#### Prompt
Every entry below should be reproduced exactly; no picture is to be included.

#### Supplied data
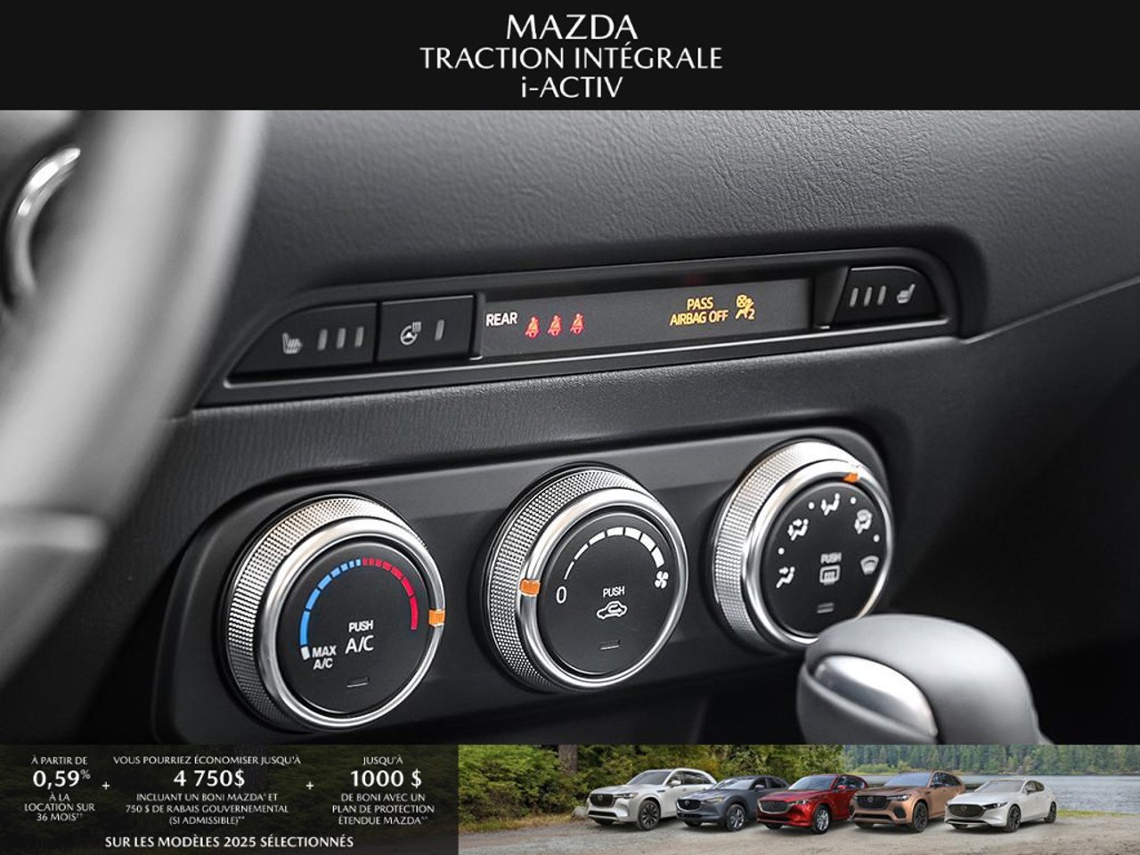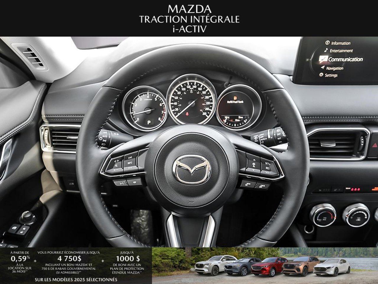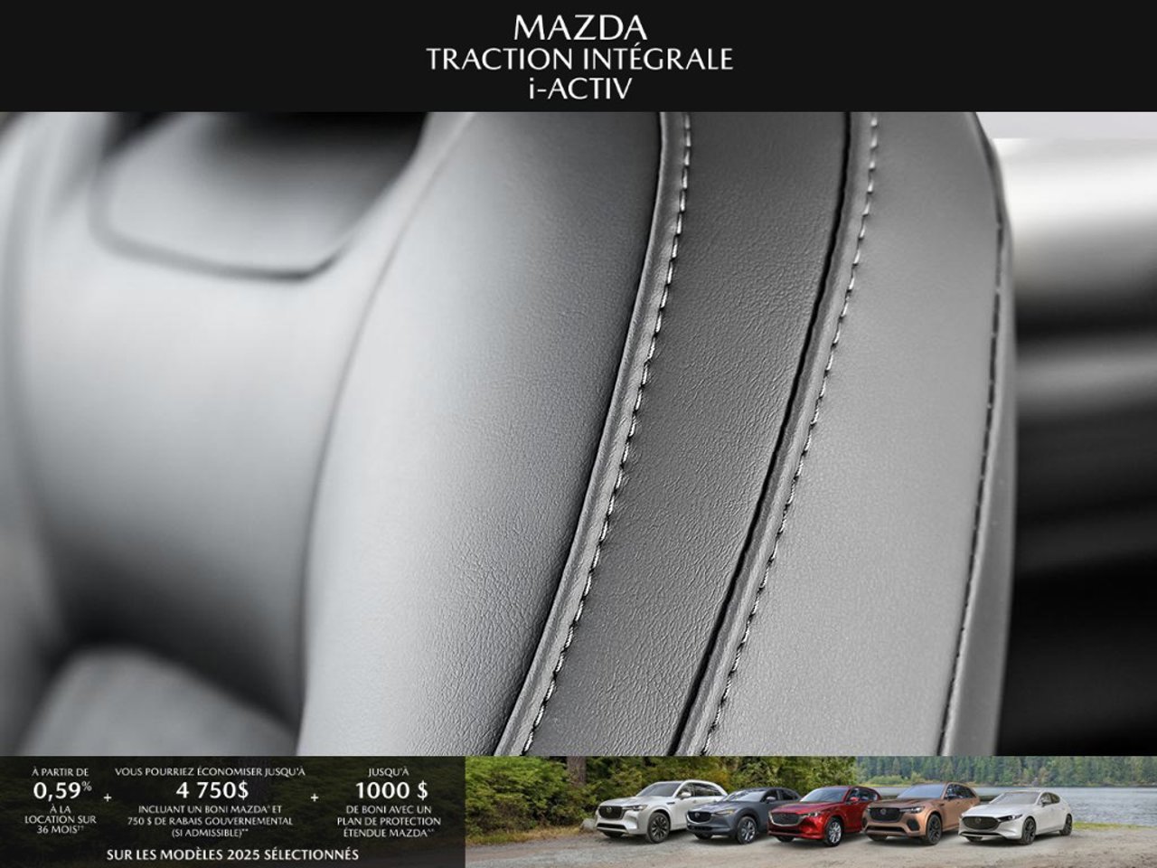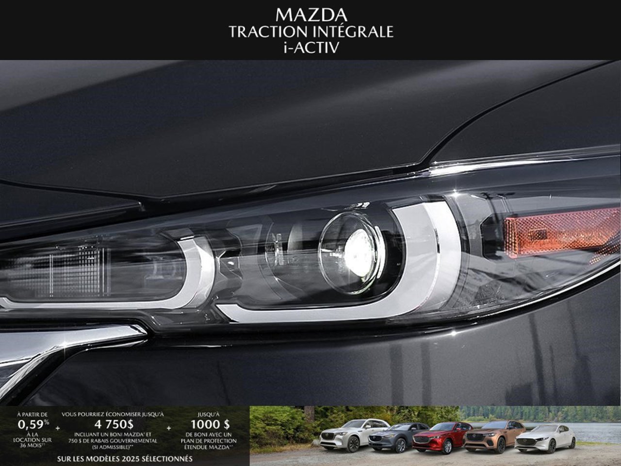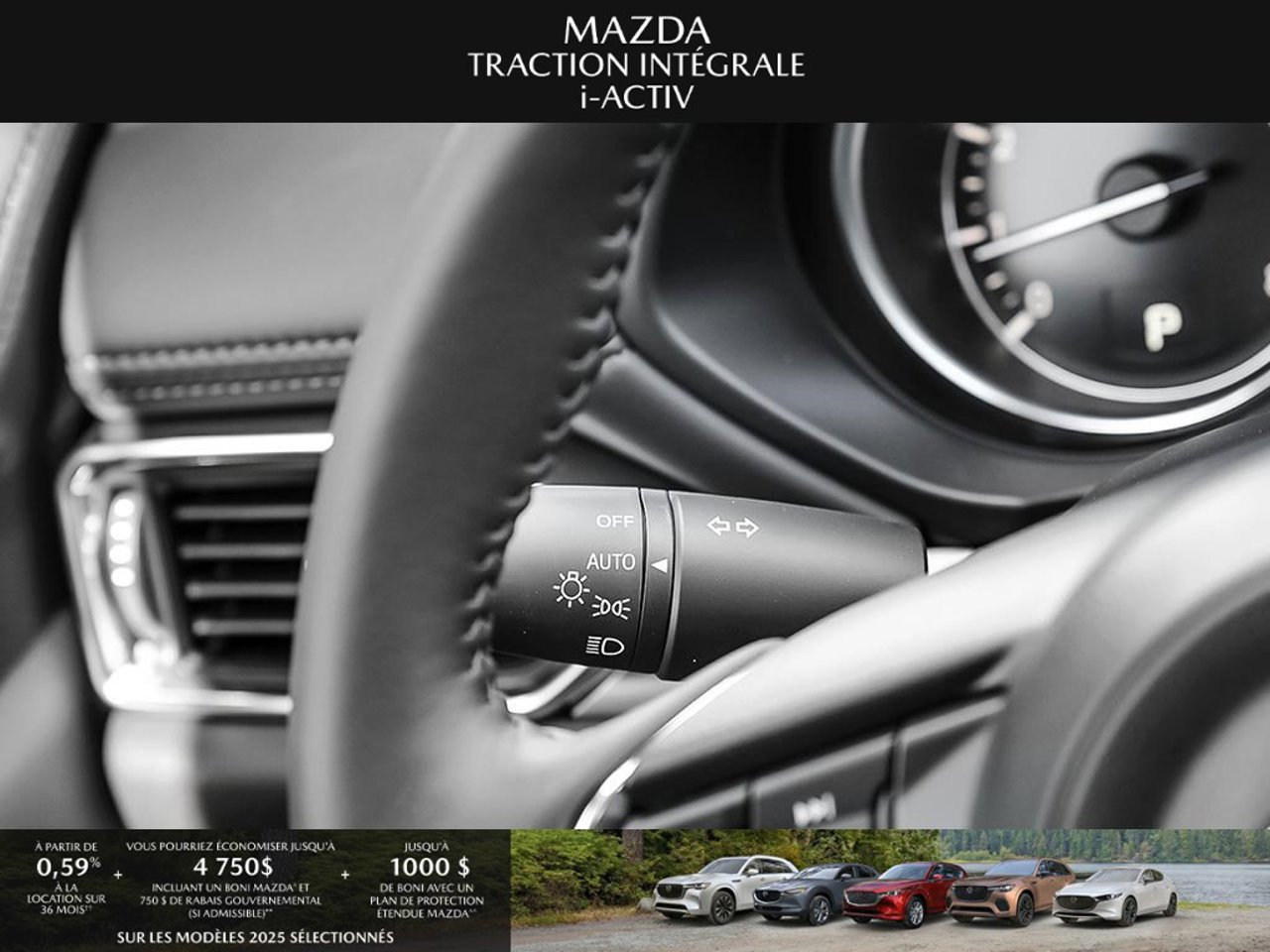 *Transparence des prix -- Planète Mazda*Chez Planète Mazda, nous croyons en une tarification claire et sans surprise. * Inclus dans le prix : * Prix de détail suggéré par le fabricant (PDSF) * Frais de transport * Inspection et préparation avant livraison (PDI) * Frais environnementaux sur les pneus neufs * Taxe d'accise sur le climatiseur * Barrures de roue * Protection des pneus et des jantes pendant 12 moisLe prix final affiché est basé sur un achat comptant.*Pricing Transparency -- Planète Mazda*At Planète Mazda, we are committed to clear, upfront pricing with no hidden fees.Included in the advertised price: * Manufacturer's Suggested Retail Price (MSRP) * Freight charges * Pre-Delivery Inspection (PDI) * Environmental tire fees * Air conditioning excise tax * Wheel locks * 12-month tire and rim protectionFinal advertised price is based on a cash purchase.
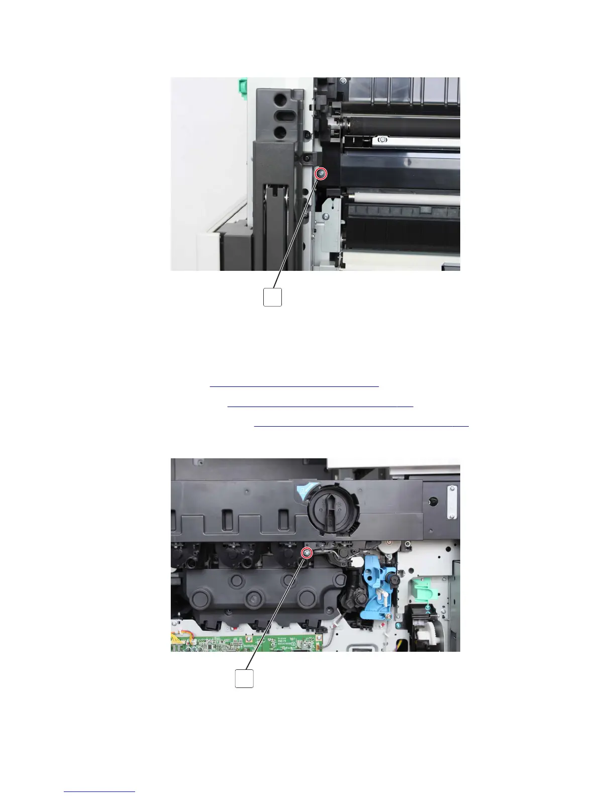 3 Remove the waste toner door mount. See “Waste toner door mount removal” on page 328.
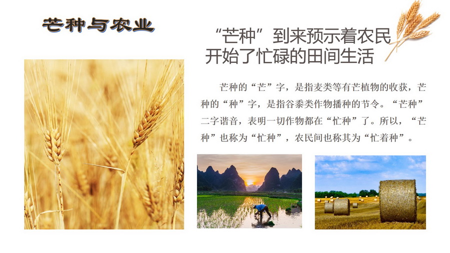 四野芳华收麦忙!天地间的耕作,待时间之馈赠。“芒种”到来预示着农民开始了忙碌的田间生活。“芒种”二字谐音,表明一切作物都在“忙种”了。所以,“芒种”也称为“忙种”,民间也称其为“忙着种”。
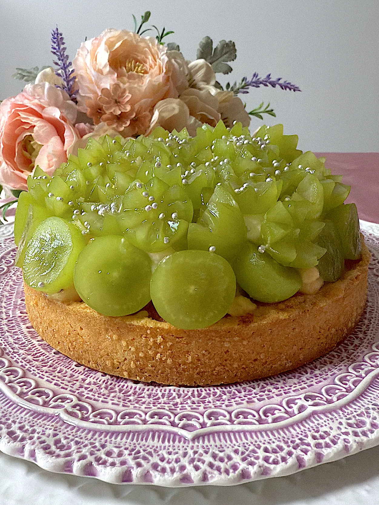 綺麗な色合いのシャインマスカットタルト✨とっても美味しそうです😍
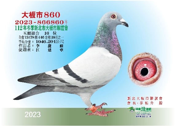 2023-866860 榮獲2023年冬季新北市大板市聯誼會五關綜合16位,全會13,478羽446舍參賽38羽完翔

#### Your solution
 *Transparence des prix -- Planète Mazda*Chez Planète Mazda, nous croyons en une tarification claire et sans surprise. * Inclus dans le prix : * Prix de détail suggéré par le fabricant (PDSF) * Frais de transport * Inspection et préparation avant livraison (PDI) * Frais environnementaux sur les pneus neufs * Taxe d'accise sur le climatiseur * Barrures de roue * Protection des pneus et des jantes pendant 12 moisLe prix final affiché est basé sur un achat comptant.*Pricing Transparency -- Planète Mazda*At Planète Mazda, we are committed to clear, upfront pricing with no hidden fees.Included in the advertised price: * Manufacturer's Suggested Retail Price (MSRP) * Freight charges * Pre-Delivery Inspection (PDI) * Environmental tire fees * Air conditioning excise tax * Wheel locks * 12-month tire and rim protectionFinal advertised price is based on a cash purchase.
 3 Remove the waste toner door mount. See “Waste toner door mount removal” on page 328.
 四野芳华收麦忙!天地间的耕作,待时间之馈赠。“芒种”到来预示着农民开始了忙碌的田间生活。“芒种”二字谐音,表明一切作物都在“忙种”了。所以,“芒种”也称为“忙种”,民间也称其为“忙着种”。
 綺麗な色合いのシャインマスカットタルト✨とっても美味しそうです😍
 2023-866860 榮獲2023年冬季新北市大板市聯誼會五關綜合16位,全會13,478羽446舍參賽38羽完翔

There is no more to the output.